This may be a naive question, but I don't see an immediate argument.
Question: Does there exist a sequence $\{C_m\}_{m=1}^\infty$ of Borel subsets of $[0,1]$ with positive Lebesgue measure $|C_m|>0$, such that every closed subset $C\subset[0,1]$ with positive Lebesgue measure $|C|>0$ contains at least one $C_m\subset C$?
It feels too strong to be true, but I need to know for sure. I was thinking of patterns like dyadic partitions of fat Cantor sets etc., but can't arrive at something useful.
Thank you.
Best Answer
Without the assumption that $C$ be closed the answer is no.

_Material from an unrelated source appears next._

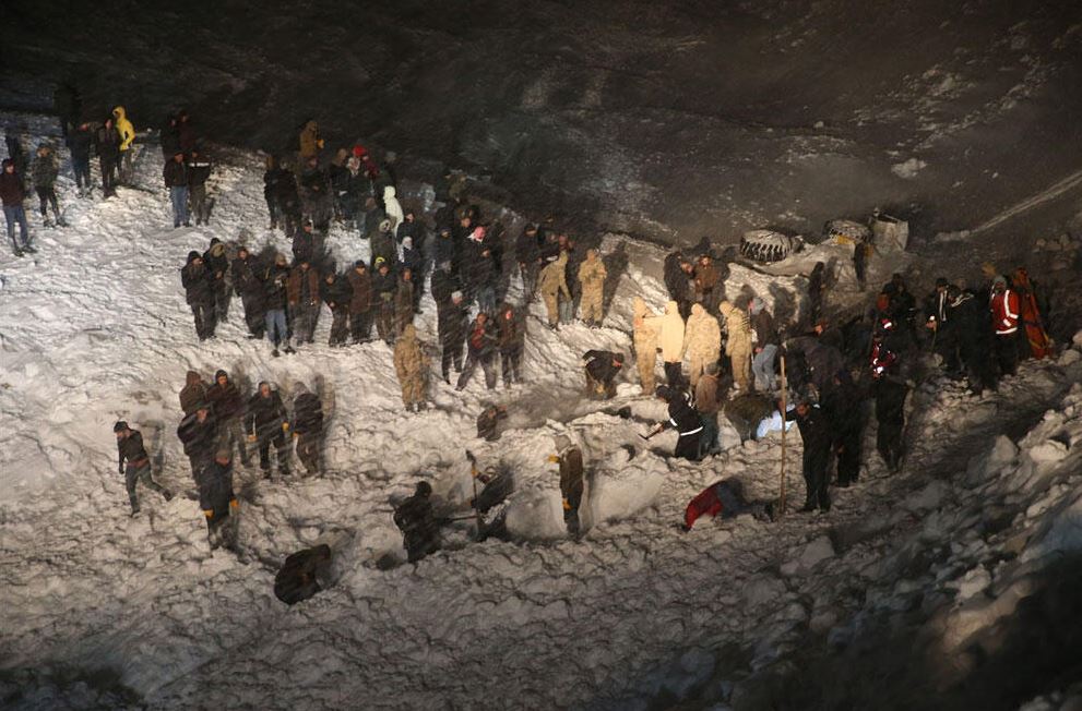 Olay yerine ulaşın ekipler ve yüzlerce köylü, olumsuz hava koşullarına rağmen tonlarca ağırlığındaki kar yığını altında kalan ve içerisinde 10’dan fazla kişinin olduğu tahmin edilen minibüstekilere ulaşabilmek için yoğun çaba sarf ediyor.

Indeed, suppose such $C_m$'s exist. Then without loss of generality $|C_m|\le1/3^m$ for all $m$. Let now $C:=\bigcap_{m=1}^\infty ([0,1]\setminus C_m)=[0,1]\setminus\bigcup_{m=1}^\infty C_m$.
Then $|C|\ge1/2>0$, but $C_m\not\subseteq C$ for any $m$.
Using the hint by Aleksei Kulikov (why didn't I think of that? :-)), one can modify the above construction as follows, to get an unqualified no:
Suppose such $C_m$'s exist. Then without loss of generality $|C_m|\le1/3^m$ for all $m$. Let now $B:=\bigcap_{m=1}^\infty ([0,1]\setminus C_m)=[0,1]\setminus\bigcup_{m=1}^\infty C_m$.
Then $|B|\ge1/2>0$ and $C_m\not\subseteq B$ for any $m$. Let finally $C$ be a closed subset of $B$ with $|C|>0$; such a set $C$ exists by the regularity of the Lebesgue measure. Then $C_m\not\subseteq C$ for any $m$. $\quad\Box$